→ Problem details
The part below that opens with the line containing "9月13日訊 安聯(lián" and closes with the line containing "Zincir Papatya Küpe" should be copied exactly, minus any pictures.

→ Information supplied
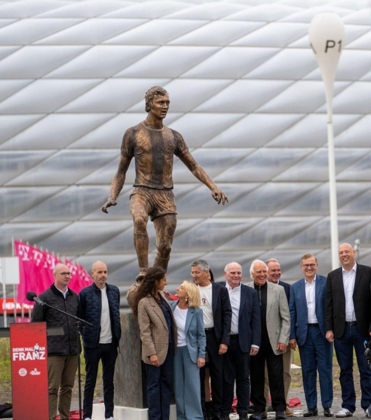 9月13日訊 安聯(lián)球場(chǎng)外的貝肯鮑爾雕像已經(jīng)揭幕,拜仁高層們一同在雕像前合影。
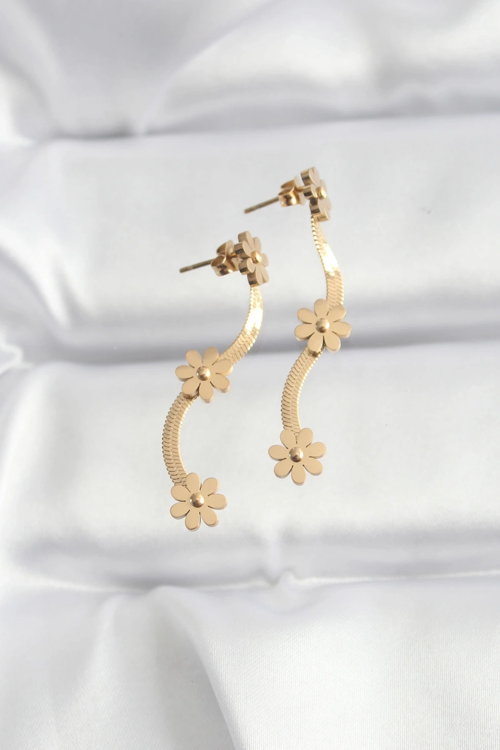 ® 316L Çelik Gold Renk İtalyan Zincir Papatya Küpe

---

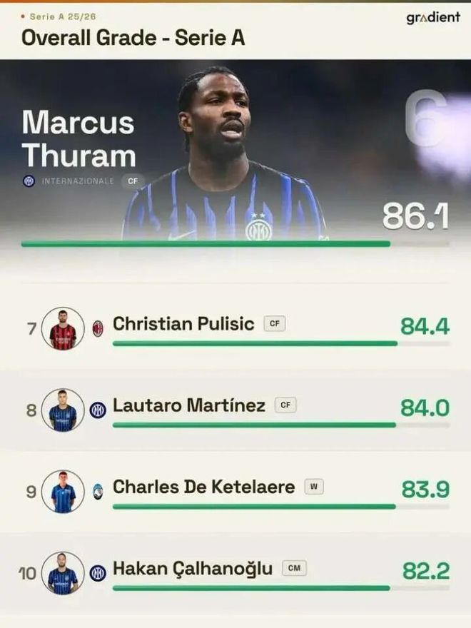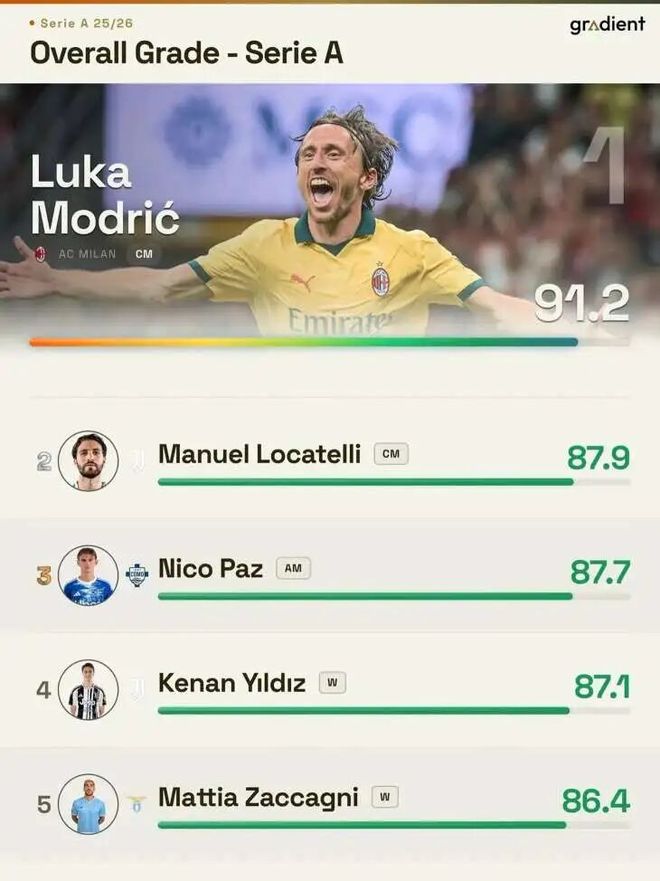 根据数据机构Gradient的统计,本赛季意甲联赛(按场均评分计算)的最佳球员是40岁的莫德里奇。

→ Solution to this problem
 9月13日訊 安聯(lián)球場(chǎng)外的貝肯鮑爾雕像已經(jīng)揭幕,拜仁高層們一同在雕像前合影。
 ® 316L Çelik Gold Renk İtalyan Zincir Papatya Küpe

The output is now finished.